(Problem to work on): Only one span of the material below is wanted. Output it exactly, from the line with "另外,这里我还给你准备了一份" through the line with "11XN080080 The Shaman", without any pictures.

(Records supplied):
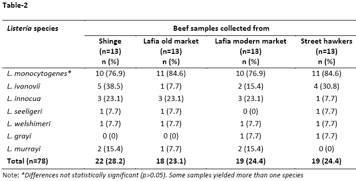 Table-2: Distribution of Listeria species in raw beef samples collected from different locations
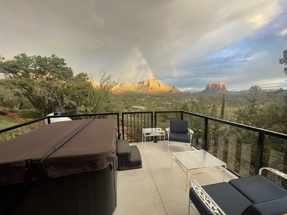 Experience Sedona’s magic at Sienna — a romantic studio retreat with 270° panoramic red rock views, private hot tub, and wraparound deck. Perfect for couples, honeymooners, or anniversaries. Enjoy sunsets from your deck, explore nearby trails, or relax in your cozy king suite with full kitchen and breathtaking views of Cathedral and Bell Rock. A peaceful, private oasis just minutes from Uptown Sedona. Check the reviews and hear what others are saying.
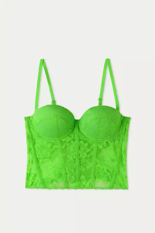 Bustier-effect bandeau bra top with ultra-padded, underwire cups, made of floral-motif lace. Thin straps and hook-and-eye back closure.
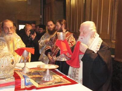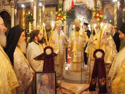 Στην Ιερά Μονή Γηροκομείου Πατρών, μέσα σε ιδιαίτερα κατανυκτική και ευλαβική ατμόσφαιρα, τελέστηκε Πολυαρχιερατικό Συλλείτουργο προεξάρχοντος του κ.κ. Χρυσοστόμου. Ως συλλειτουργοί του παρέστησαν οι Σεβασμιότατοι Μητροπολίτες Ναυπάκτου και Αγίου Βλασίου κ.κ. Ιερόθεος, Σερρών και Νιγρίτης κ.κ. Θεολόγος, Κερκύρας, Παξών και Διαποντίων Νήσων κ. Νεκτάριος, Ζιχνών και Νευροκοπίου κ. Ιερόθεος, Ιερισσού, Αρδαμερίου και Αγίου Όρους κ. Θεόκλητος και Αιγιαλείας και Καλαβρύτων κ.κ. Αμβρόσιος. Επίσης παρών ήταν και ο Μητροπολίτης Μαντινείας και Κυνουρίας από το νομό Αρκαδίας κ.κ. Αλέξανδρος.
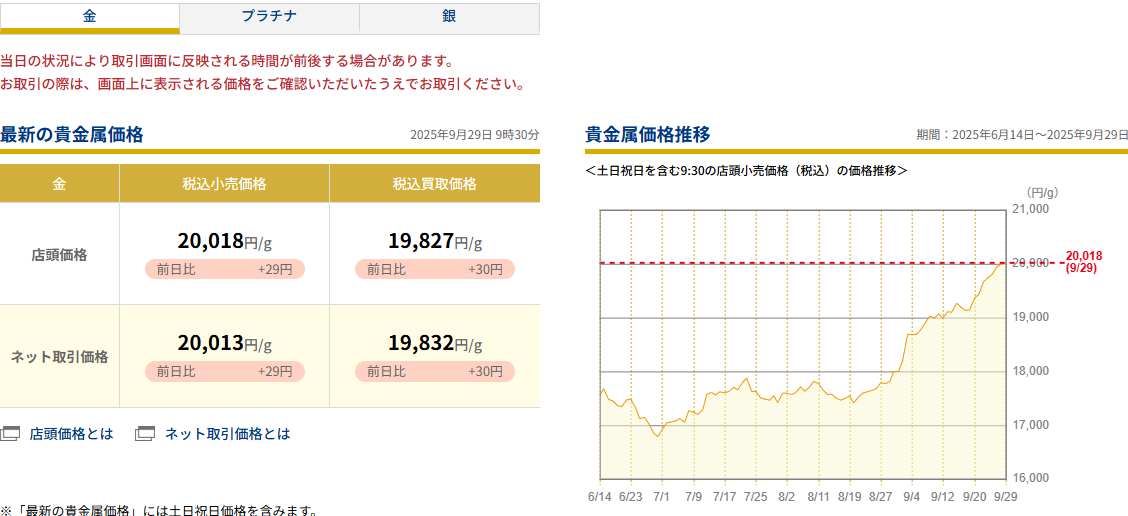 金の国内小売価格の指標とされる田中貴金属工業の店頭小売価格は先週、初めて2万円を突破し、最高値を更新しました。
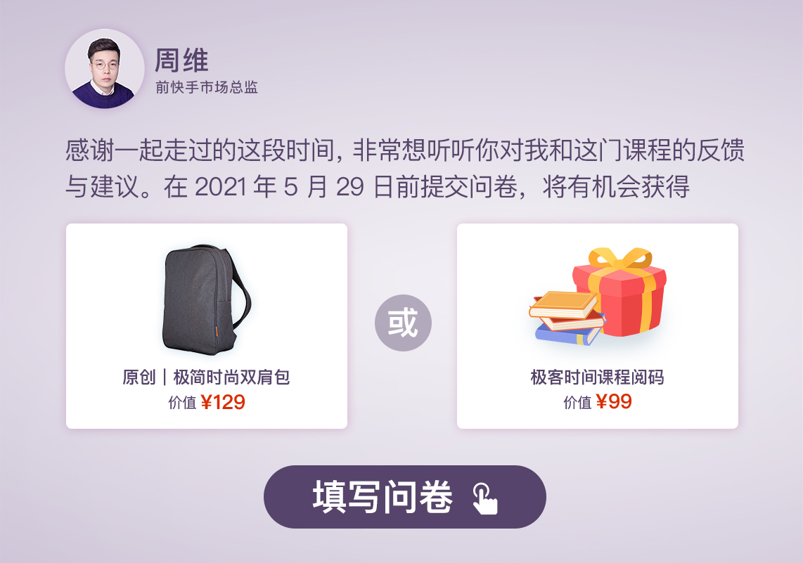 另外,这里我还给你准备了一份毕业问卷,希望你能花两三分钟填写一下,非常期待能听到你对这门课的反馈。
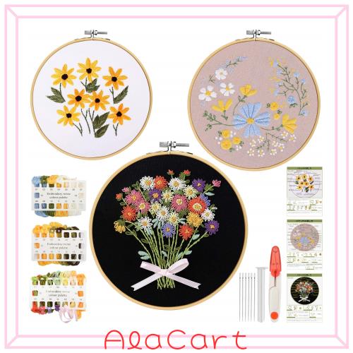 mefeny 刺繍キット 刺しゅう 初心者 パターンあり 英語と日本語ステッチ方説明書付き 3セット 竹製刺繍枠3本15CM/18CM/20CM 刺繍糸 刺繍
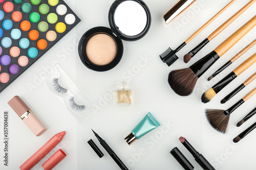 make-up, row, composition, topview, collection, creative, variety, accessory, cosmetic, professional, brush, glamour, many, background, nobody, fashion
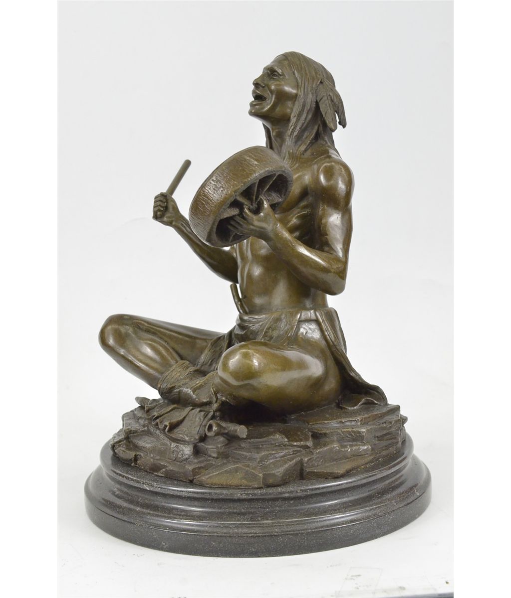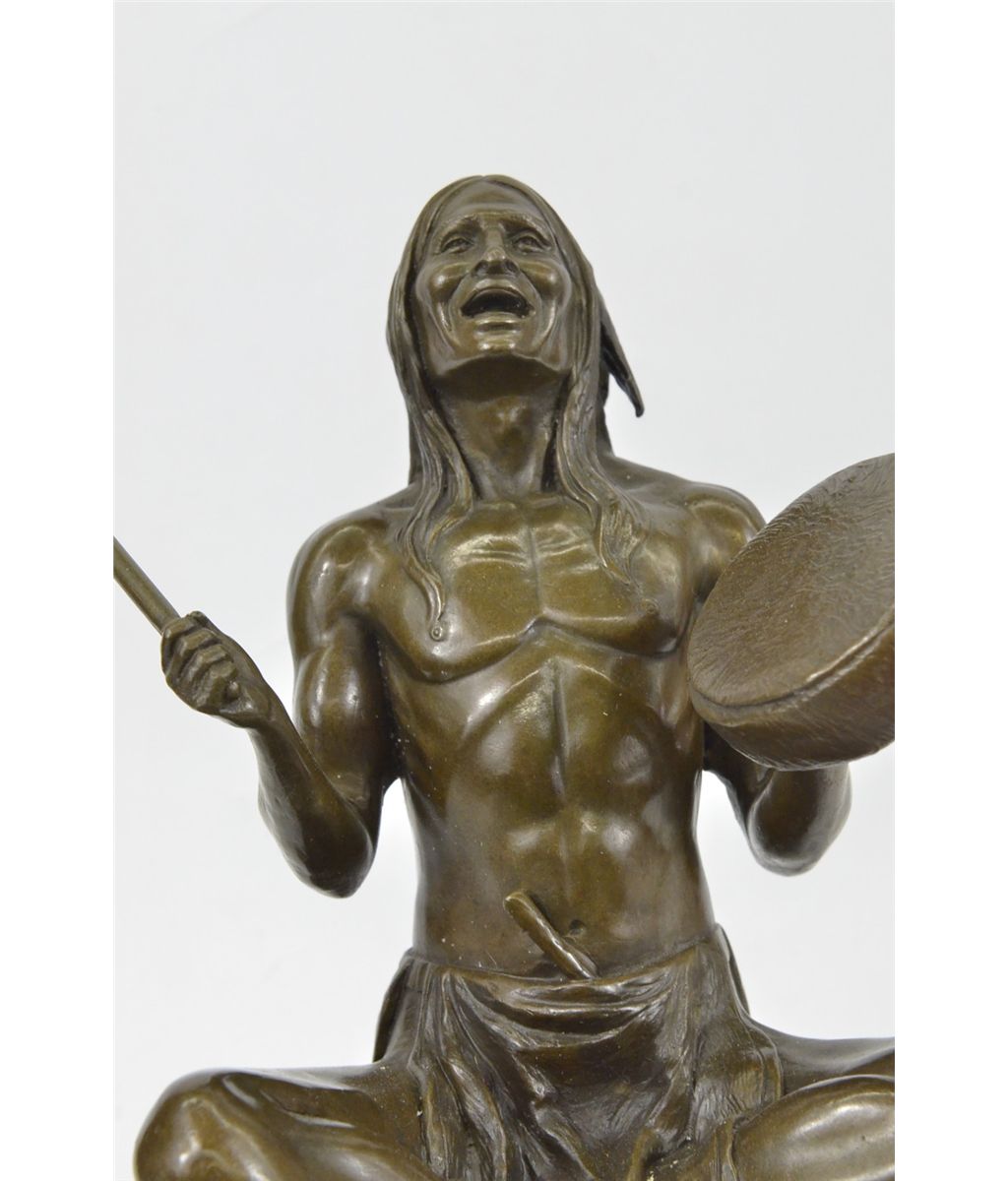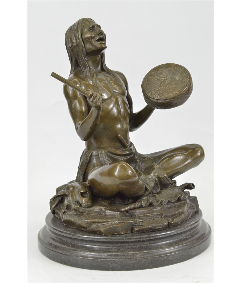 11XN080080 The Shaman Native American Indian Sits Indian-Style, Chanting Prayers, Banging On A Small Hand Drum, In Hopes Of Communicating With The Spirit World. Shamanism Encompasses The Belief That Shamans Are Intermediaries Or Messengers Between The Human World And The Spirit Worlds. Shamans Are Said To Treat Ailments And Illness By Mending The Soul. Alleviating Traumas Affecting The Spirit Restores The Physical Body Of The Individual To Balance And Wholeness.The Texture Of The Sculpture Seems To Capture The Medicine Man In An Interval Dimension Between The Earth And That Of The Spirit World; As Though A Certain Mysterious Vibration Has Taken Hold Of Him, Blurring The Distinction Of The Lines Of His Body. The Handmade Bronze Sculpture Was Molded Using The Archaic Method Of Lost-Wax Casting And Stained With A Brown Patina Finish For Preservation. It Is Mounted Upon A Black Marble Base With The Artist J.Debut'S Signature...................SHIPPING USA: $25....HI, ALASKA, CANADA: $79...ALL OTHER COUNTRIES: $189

...

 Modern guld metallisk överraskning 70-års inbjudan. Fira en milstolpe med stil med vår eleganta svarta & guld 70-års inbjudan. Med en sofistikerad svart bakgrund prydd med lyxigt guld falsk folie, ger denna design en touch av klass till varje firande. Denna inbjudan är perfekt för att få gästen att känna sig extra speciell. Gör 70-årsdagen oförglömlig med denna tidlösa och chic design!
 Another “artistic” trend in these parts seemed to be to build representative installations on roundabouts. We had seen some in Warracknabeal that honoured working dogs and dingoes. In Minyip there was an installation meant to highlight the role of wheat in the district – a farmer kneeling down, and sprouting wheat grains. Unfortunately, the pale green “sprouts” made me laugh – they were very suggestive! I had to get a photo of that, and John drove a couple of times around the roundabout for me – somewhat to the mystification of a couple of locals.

(Response to the task):
 另外,这里我还给你准备了一份毕业问卷,希望你能花两三分钟填写一下,非常期待能听到你对这门课的反馈。
 mefeny 刺繍キット 刺しゅう 初心者 パターンあり 英語と日本語ステッチ方説明書付き 3セット 竹製刺繍枠3本15CM/18CM/20CM 刺繍糸 刺繍
 make-up, row, composition, topview, collection, creative, variety, accessory, cosmetic, professional, brush, glamour, many, background, nobody, fashion
 11XN080080 The Shaman Native American Indian Sits Indian-Style, Chanting Prayers, Banging On A Small Hand Drum, In Hopes Of Communicating With The Spirit World. Shamanism Encompasses The Belief That Shamans Are Intermediaries Or Messengers Between The Human World And The Spirit Worlds. Shamans Are Said To Treat Ailments And Illness By Mending The Soul. Alleviating Traumas Affecting The Spirit Restores The Physical Body Of The Individual To Balance And Wholeness.The Texture Of The Sculpture Seems To Capture The Medicine Man In An Interval Dimension Between The Earth And That Of The Spirit World; As Though A Certain Mysterious Vibration Has Taken Hold Of Him, Blurring The Distinction Of The Lines Of His Body. The Handmade Bronze Sculpture Was Molded Using The Archaic Method Of Lost-Wax Casting And Stained With A Brown Patina Finish For Preservation. It Is Mounted Upon A Black Marble Base With The Artist J.Debut'S Signature...................SHIPPING USA: $25....HI, ALASKA, CANADA: $79...ALL OTHER COUNTRIES: $189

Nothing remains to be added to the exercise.